[Dataset items]
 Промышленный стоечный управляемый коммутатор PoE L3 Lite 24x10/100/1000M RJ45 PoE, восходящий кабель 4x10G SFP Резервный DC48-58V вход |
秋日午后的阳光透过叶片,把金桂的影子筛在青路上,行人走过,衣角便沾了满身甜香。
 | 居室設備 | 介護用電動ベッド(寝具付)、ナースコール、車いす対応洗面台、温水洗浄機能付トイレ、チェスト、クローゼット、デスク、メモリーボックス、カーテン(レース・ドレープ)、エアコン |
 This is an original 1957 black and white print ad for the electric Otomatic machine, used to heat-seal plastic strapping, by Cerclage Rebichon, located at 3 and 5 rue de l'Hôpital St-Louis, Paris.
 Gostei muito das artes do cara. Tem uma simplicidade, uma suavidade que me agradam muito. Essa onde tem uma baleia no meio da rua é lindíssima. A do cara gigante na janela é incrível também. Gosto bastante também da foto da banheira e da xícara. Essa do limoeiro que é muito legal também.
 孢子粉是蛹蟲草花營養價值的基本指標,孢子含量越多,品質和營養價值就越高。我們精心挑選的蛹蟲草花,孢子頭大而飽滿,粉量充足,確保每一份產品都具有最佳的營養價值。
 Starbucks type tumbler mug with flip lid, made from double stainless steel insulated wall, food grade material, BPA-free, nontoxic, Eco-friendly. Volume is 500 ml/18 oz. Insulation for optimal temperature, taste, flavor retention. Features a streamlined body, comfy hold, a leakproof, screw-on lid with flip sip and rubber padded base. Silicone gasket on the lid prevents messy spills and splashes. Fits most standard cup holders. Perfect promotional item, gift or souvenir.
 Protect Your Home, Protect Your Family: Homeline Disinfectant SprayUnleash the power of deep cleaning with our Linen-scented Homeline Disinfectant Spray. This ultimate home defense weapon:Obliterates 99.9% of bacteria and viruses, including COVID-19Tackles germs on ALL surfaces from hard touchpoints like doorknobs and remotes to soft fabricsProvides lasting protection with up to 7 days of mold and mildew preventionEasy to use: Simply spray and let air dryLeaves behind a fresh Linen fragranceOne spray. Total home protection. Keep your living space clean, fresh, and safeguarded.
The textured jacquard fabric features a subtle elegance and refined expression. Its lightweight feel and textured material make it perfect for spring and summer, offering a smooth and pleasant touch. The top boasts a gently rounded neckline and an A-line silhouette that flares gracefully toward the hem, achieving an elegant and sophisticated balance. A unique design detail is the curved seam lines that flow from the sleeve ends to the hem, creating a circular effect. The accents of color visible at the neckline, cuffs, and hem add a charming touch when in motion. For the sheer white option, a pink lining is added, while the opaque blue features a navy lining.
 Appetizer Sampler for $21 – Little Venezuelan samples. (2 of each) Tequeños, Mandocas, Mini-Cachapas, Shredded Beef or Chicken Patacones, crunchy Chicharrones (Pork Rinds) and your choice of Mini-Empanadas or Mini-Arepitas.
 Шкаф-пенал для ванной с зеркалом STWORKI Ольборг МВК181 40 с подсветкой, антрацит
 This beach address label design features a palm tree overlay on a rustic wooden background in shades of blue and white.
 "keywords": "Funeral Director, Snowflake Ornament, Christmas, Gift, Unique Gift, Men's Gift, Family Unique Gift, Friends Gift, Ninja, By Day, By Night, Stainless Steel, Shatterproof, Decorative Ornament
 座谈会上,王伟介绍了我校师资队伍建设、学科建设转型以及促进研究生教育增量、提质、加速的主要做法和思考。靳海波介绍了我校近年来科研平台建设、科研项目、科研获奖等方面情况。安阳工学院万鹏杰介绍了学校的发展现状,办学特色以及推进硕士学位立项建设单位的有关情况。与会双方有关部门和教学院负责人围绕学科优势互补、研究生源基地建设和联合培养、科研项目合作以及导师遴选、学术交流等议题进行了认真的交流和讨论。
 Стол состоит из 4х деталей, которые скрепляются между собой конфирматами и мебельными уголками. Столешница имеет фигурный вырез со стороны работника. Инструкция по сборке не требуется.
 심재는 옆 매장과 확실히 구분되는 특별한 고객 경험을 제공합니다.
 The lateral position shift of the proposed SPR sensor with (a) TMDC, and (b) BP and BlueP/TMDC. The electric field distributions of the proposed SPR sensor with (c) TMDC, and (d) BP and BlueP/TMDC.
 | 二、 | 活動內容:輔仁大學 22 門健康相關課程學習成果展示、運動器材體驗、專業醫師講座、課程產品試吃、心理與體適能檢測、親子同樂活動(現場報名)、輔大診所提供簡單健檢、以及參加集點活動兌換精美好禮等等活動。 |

> _Exercise requirements_: Extract the first line above and each line after it up to and including the one with "Protect Your Home, Protect", please, exactly and with nothing else.

> _Response to this exercise_:
 Промышленный стоечный управляемый коммутатор PoE L3 Lite 24x10/100/1000M RJ45 PoE, восходящий кабель 4x10G SFP Резервный DC48-58V вход |
秋日午后的阳光透过叶片,把金桂的影子筛在青路上,行人走过,衣角便沾了满身甜香。
 | 居室設備 | 介護用電動ベッド(寝具付)、ナースコール、車いす対応洗面台、温水洗浄機能付トイレ、チェスト、クローゼット、デスク、メモリーボックス、カーテン(レース・ドレープ)、エアコン |
 This is an original 1957 black and white print ad for the electric Otomatic machine, used to heat-seal plastic strapping, by Cerclage Rebichon, located at 3 and 5 rue de l'Hôpital St-Louis, Paris.
 Gostei muito das artes do cara. Tem uma simplicidade, uma suavidade que me agradam muito. Essa onde tem uma baleia no meio da rua é lindíssima. A do cara gigante na janela é incrível também. Gosto bastante também da foto da banheira e da xícara. Essa do limoeiro que é muito legal também.
 孢子粉是蛹蟲草花營養價值的基本指標,孢子含量越多,品質和營養價值就越高。我們精心挑選的蛹蟲草花,孢子頭大而飽滿,粉量充足,確保每一份產品都具有最佳的營養價值。
 Starbucks type tumbler mug with flip lid, made from double stainless steel insulated wall, food grade material, BPA-free, nontoxic, Eco-friendly. Volume is 500 ml/18 oz. Insulation for optimal temperature, taste, flavor retention. Features a streamlined body, comfy hold, a leakproof, screw-on lid with flip sip and rubber padded base. Silicone gasket on the lid prevents messy spills and splashes. Fits most standard cup holders. Perfect promotional item, gift or souvenir.
 Protect Your Home, Protect Your Family: Homeline Disinfectant SprayUnleash the power of deep cleaning with our Linen-scented Homeline Disinfectant Spray. This ultimate home defense weapon:Obliterates 99.9% of bacteria and viruses, including COVID-19Tackles germs on ALL surfaces from hard touchpoints like doorknobs and remotes to soft fabricsProvides lasting protection with up to 7 days of mold and mildew preventionEasy to use: Simply spray and let air dryLeaves behind a fresh Linen fragranceOne spray. Total home protection. Keep your living space clean, fresh, and safeguarded.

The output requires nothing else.